Quantifying Privacy Risks of Prompts in Visual Prompt Learning


Yixin Wu, Rui Wen, and Michael Backes, CISPA Helmholtz Center for Information Security; Pascal Berrang, University of Birmingham; Mathias Humbert, University of Lausanne; Yun Shen, Netapp; Yang Zhang, CISPA Helmholtz Center for Information Security


Large-scale pre-trained models are increasingly adapted to downstream tasks through a new paradigm called prompt learning. In contrast to fine-tuning, prompt learning does not update the pre-trained model's parameters. Instead, it only learns an input perturbation, namely prompt, to be added to the downstream task data for predictions. Given the fast development of prompt learning, a well-generalized prompt inevitably becomes a valuable asset as significant effort and proprietary data are used to create it. This naturally raises the question of whether a prompt may leak the proprietary information of its training data. In this paper, we perform the first comprehensive privacy assessment of prompts learned by visual prompt learning through the lens of property inference and membership inference attacks. Our empirical evaluation shows that the prompts are vulnerable to both attacks. We also demonstrate that the adversary can mount a successful property inference attack with limited cost.

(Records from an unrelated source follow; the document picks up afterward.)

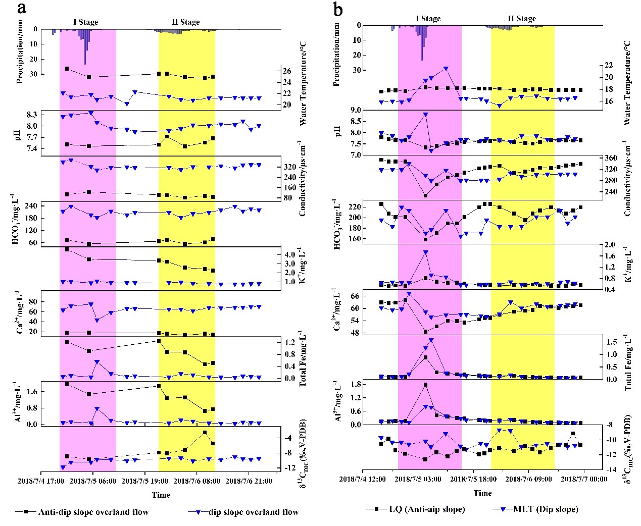 3 (a) 201874-77日强降雨过程中喀斯特槽谷坡面流δ13CDIC和水化学元素的变化特征; (b) 201874-77日强降雨过程中喀斯特槽谷顺/逆坡地下水δ13CDIC水化学元素的变化特征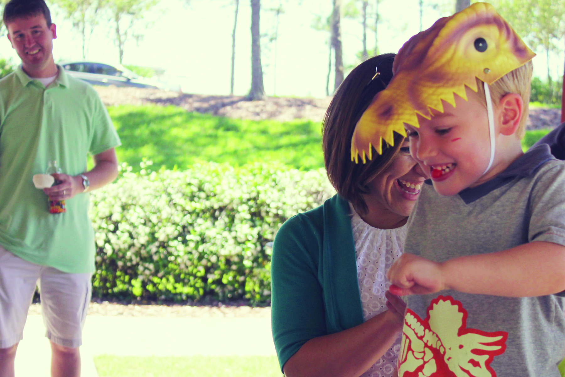 Right before my birthday boy’s coveted piñata pull, the wind threw a tantrum and knocked over a glass bottle that was filled with edible dino eggs (jelly beans). So, we went on an impromptu Jurassic jaunt around the park while the dads made sure each shard of glass was tossed.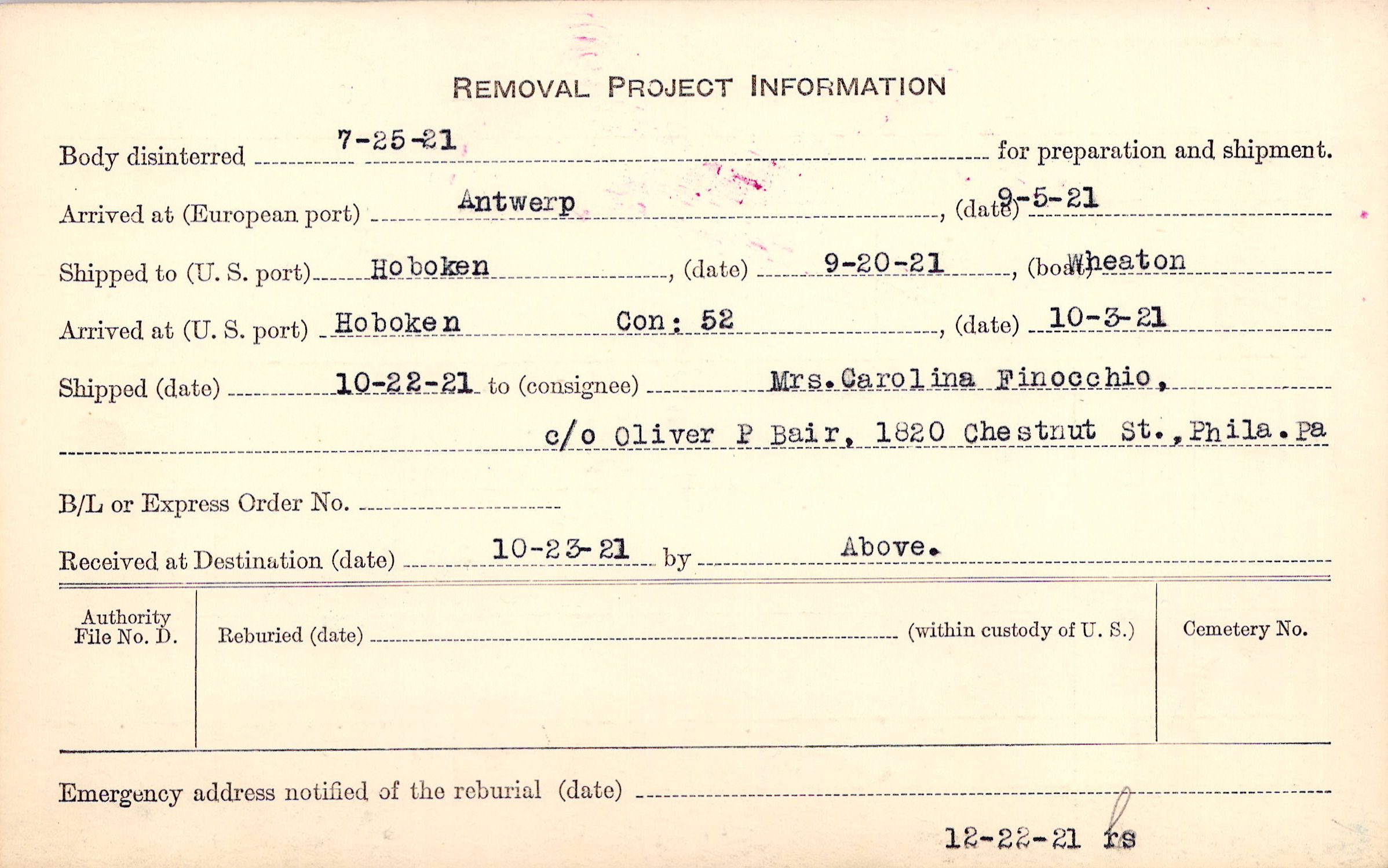 Body disinterred 7/25/1921 for preparation and shipment.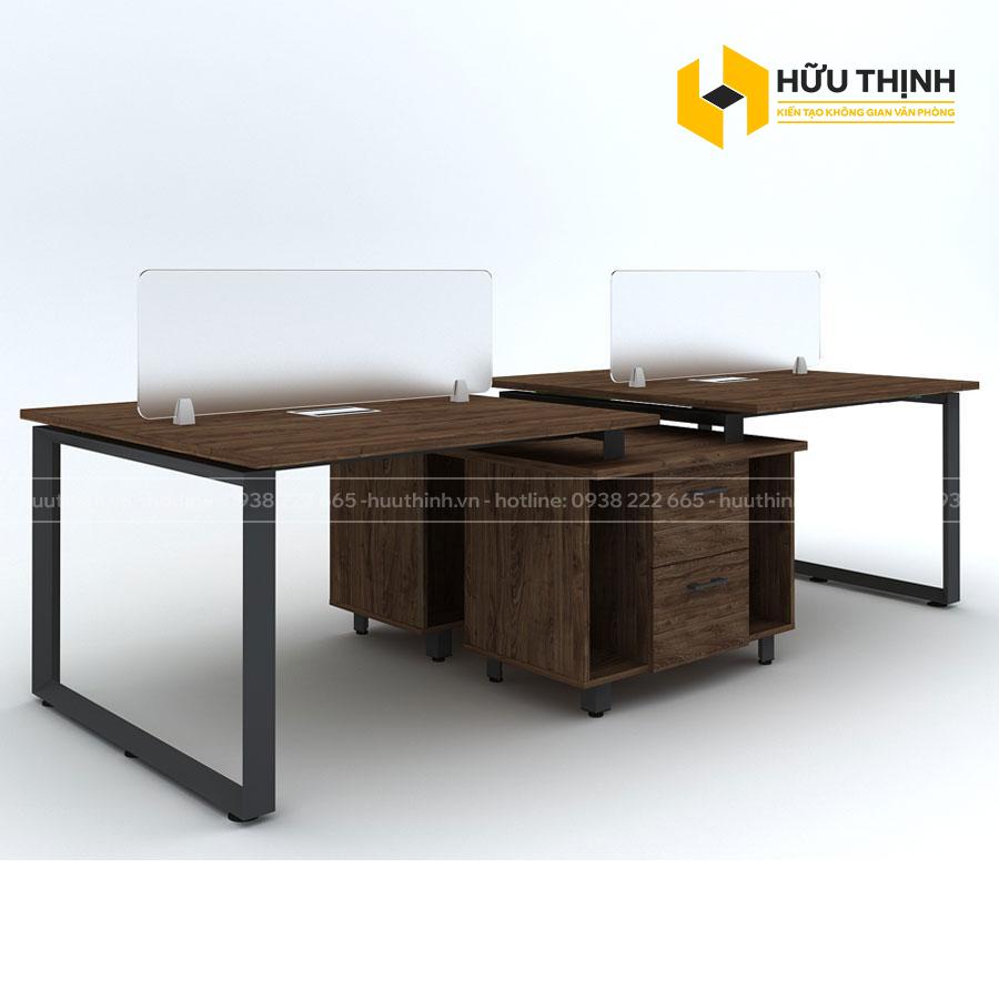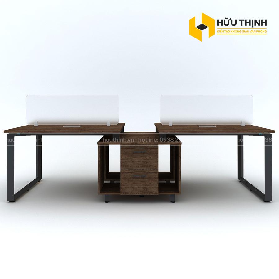 Module bàn 4 chỗ ngồi có hộc tủ được thiết kế theo phong cách hiện đại với nhiều tiện ích giúp thuận tiện trong quá trình sử dụng như: Hộc để hồ sơ, Kệ để CPU, hộp luồn dây điện mạng trên mặt bàn, vách ngăn kính,...
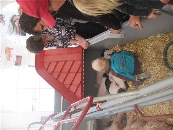 Vi var en tur på landet i weekenden - midt i Aalborg. Dansk Landbrug havde stillet et par traktorer op og lavet en sansesti, der fortalte om hvordan både grise og køer lever på en gård - hvad de spiser, hvad de går i, etc. Og så var de der sørme også selv - køerne og soen med 8 smågrise, der sov. Da vi hev en skrigende William med os faldt bemærkningen: "utroligt de bare sover videre!!"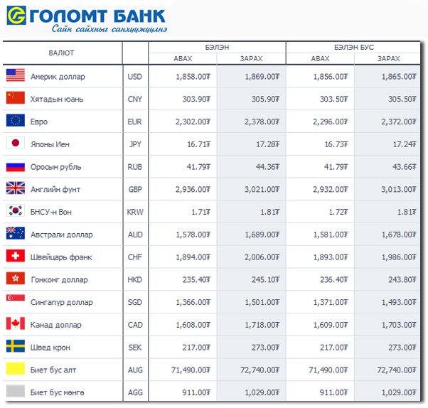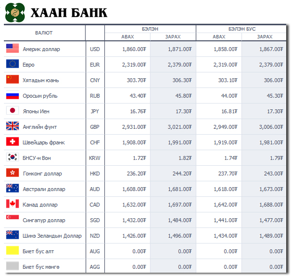 | Өнөөдрийн валютын ханш /2014.10.31/ | ||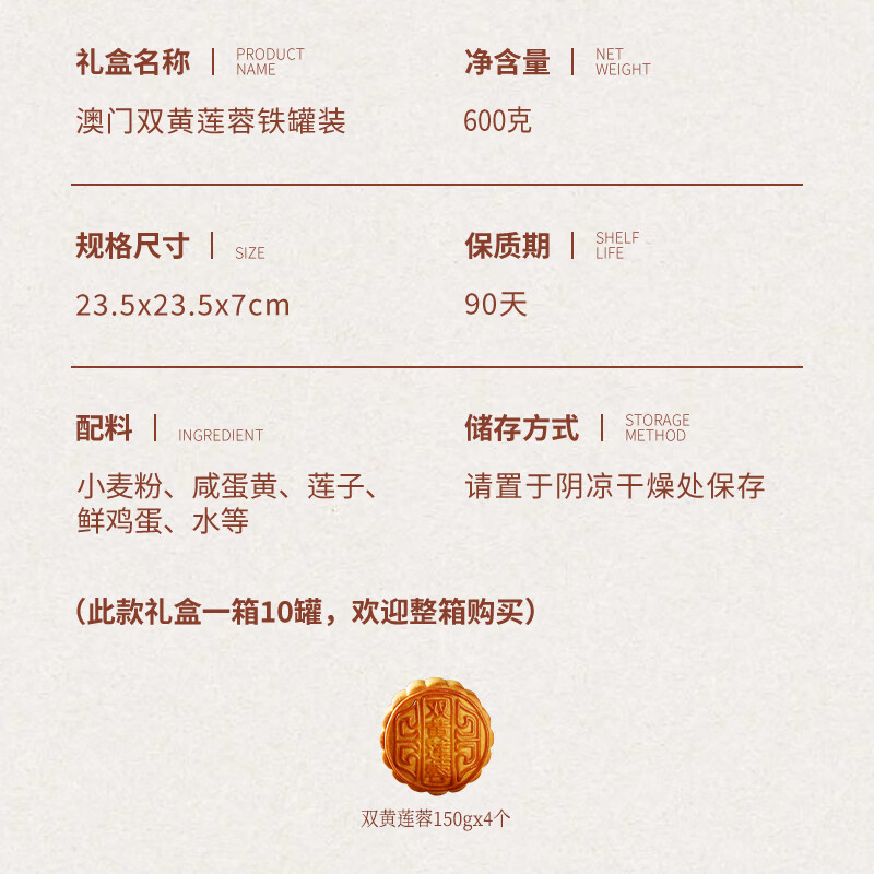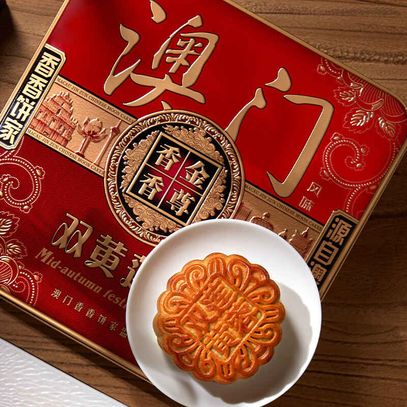 这款金尊澳门双黄莲蓉月饼礼盒采用双黄莲蓉与黄金糖酱相结合,馅料细腻绵软,外皮酥脆,口味层次丰富。每盒 150g*4 份,适合中秋团圆、企业礼品或个人馈赠。

Moreover, we show that membership inference attacks against prompts can be successful with relaxed adversarial assumptions. We further make some initial investigations on the defenses and observe that our method can mitigate the membership inference attacks with a decent utility-defense trade-off but fails to defend against property inference attacks. We hope our results can shed light on the privacy risks of the popular prompt learning paradigm. To facilitate the research in this direction, we will share our code and models with the community.